I have no problem substituting local testing as long as we test all the environments that Travis does. I've done that to get around this problem in the past. It takes a while to run each maven test profile, but it works.

rb

On 01/26/2016 09:44 PM, Wes McKinney wrote:
Also, things have been made much worse by Travis CI continuing to have
infrastructure problems. The ASF build queue on Travis CI had completely
stalled by this morning so that no builds were completing; fortunately
their support is quite responsible and they've resolved the queue
blockage, so builds are executing again.

On Tue, Jan 26, 2016 at 4:00 PM, Wes McKinney <[email protected]
<mailto:[email protected]>> wrote:

    There's 3 more patches outstanding that are causing blockage (418,
    433, and 451/453), so I think if we get them merged today or
    tomorrow when we should be able to proceed with some parallel
    efforts without quite as much conflict.

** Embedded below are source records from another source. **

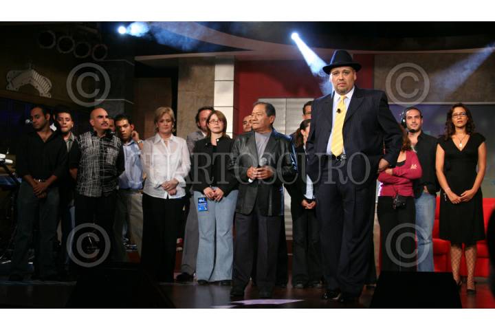 MÉXICO, D.F., 19SEPTIEMBRE2006.- El equipo de producción del programa "Es de noche... y ya llegue", que conduce René Franco, acompaño al conductor durante su primer año de transimisión, en el que tuvieron de invitado estelar al compositor y cantante yucateco Armando Manzanero. FOTO: ISAAC ESQUIVEL/CUARTOSCURO.COM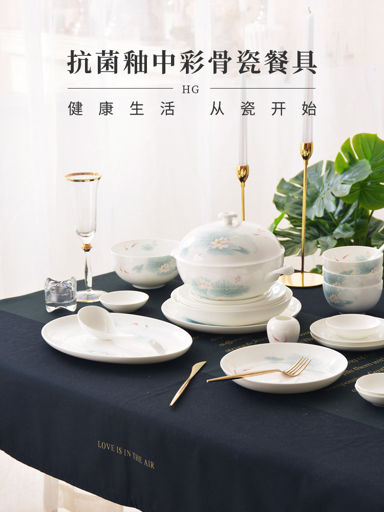 景德镇骨瓷碗碟餐具套装家用国风中式荷花酒店金边碗盘礼品装碗筷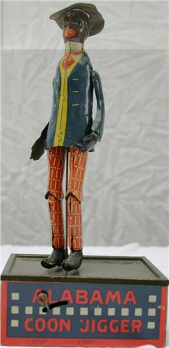Tin black toy, Automated Tombo Alabama Coon Jigger, lithographed tin dancing man. Key wind. Ferdinand Strauss Co., New York.. Patented 1910. Nice condition. 10"

    On Tue, Jan 26, 2016 at 3:56 PM, Nong Li <[email protected]
    <mailto:[email protected]>> wrote:

        I'm going to try to more active this week but I admittedly don't
        have a lot of
        time to work on this. I understand we need to get critical mass
        in committers,
        code, etc to keep this going but I think we're making good progress.

        On Tue, Jan 26, 2016 at 3:27 PM, Julien Le Dem
        <[email protected] <mailto:[email protected]>> wrote:

            Also as Nong mentioned, PRs should be prefixed by the jira
            id followed by a ":" as follows "PARQUET-X: description"
            that's just to have the reference in the git changelog. The
            merge script enforces it.


            On Tue, Jan 26, 2016 at 3:24 PM, Julien Le Dem
            <[email protected] <mailto:[email protected]>> wrote:

                I'm happy too with Aliaksei, Deepak, Wes, etc reviewing
                each other.
                I see Nong (who's a committer) has been doing some
                reviews already.

                When you guys reach a consensus on a PR and want it
                merged please mention it in the PR (+1, LGTM) and
                mention us directly (@julienledem, ...) to have it merged.

                right now I see that #19 and #21 have been committed
                (thanks Nong) but it is not clear to me in what order
                the others should be committed.

                For example Deepak should comment directly on #22 to
                approve it. Right now he mentioned it on another PR.
                
https://github.com/apache/parquet-cpp/pull/24#issuecomment-174354139
                Similarly Wes could confirm on that PR whether it looks
                good.

                Tomorrow is the Parquet sync up if you want to discuss
                further:
                https://plus.google.com/u/0/events/cvgi67jmoptmgb1i488re8scbuo


                On Mon, Jan 25, 2016 at 4:20 PM, Ryan Blue
                <[email protected] <mailto:[email protected]>> wrote:

                    Aliaksei, thanks for being understanding here.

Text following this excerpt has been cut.